设备上调用的printf（）的输出不完整

Question

For the purpose of testing printf() call on device, I wrote a simple program which copies an array of moderate size to device and print the value of device array to screen. 为了测试设备上的printf（）调用，我编写了一个简单的程序，该程序将中等大小的数组复制到设备上并将设备数组的值打印到屏幕上。 Although the array is correctly copied to device, the printf() function does not work correctly, which lost the first several hundred numbers. 尽管该数组已正确复制到设备，但printf（）函数无法正常运行，从而丢失了前几百个数字。 The array size in the code is 4096. Is this a bug or I'm not using this function properly? 代码中的数组大小为4096。这是错误还是我没有正确使用此功能？ Thanks in adavnce. 非常感谢。

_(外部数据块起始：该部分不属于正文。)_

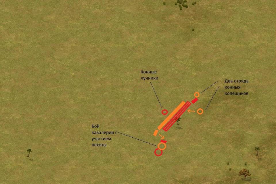 Было ровно одно наше соединение, которому приходилось легко — конные лучники сэйфов. Всадники-загонщики. Они спокойно зашли в тыл вражеской пехоте, начав обстрел. Противник позволил им это сделать. Учитывая примерный паритет сил, он не хотел выделять драгоценную конницу, чтобы гонять наших загонщиков. Шаддинский стратег считал, что те не сумеют нанести его пехоте критический урон, а он пока уничтожит наши фланги. Ну посмотрим.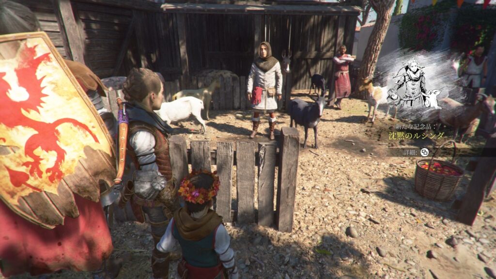 [1-輝ける日々のお祝い]市場の右奥の小道の先にいるヤギに近づくと手に入ります。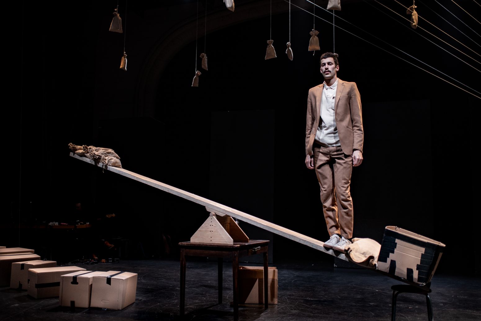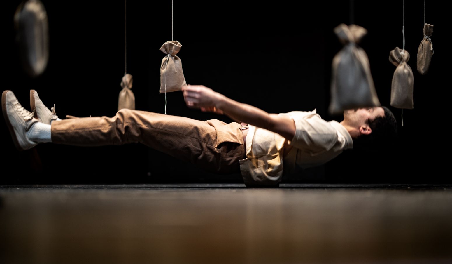 Une pièce entre danse, théâtre et cirque, pour embrasser les promesses d’un incertain devenu bien trop précieux pour être laissé aux mains du hasard.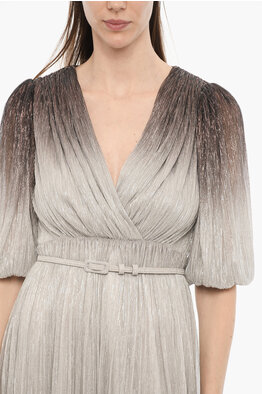 Metallic V-Neck Tunic Dress with Belt

EDIT: My gpu is GeForce GTX 550i, with compute capability 2.1 编辑：我的GPU是GeForce GTX 550i，具有2.1的计算能力

My code: 我的代码：

#include<stdio.h>
#include<stdlib.h>
#define N 4096

__global__ void Printcell(float *d_Array , int n){
    int k = 0;

    printf("\n=========== data of d_Array on device==============\n");
    for( k = 0; k < n; k++ ){
        printf("%f  ", d_Array[k]);
        if((k+1)%6 == 0) printf("\n");
    }
    printf("\n\nTotally %d elements has been printed", k);
}

int main(){

    int i =0;

    float Array[N] = {0}, rArray[N] = {0};
    float *d_Array;
    for(i=0;i<N;i++)
        Array[i] = i;


    cudaMalloc((void**)&d_Array, N*sizeof(float));
    cudaMemcpy(d_Array, Array, N*sizeof(float), cudaMemcpyHostToDevice);
    cudaDeviceSynchronize();
    Printcell<<<1,1>>>(d_Array, N);    //Print the device array by a kernel
    cudaDeviceSynchronize();

    /* Copy the device array back to host to see if it was correctly copied */   
    cudaMemcpy(rArray, d_Array, N*sizeof(float), cudaMemcpyDeviceToHost);

    printf("\n\n");

    for(i=0;i<N;i++){
        printf("%f  ", rArray[i]);
        if((i+1)%6 == 0) printf("\n");
    }
}

Answer 1

printf from the device has a limited queue. 设备上的printf队列有限。 It's intended for small scale debug-style output, not large scale output. 它用于小型调试样式的输出，而不是大型输出。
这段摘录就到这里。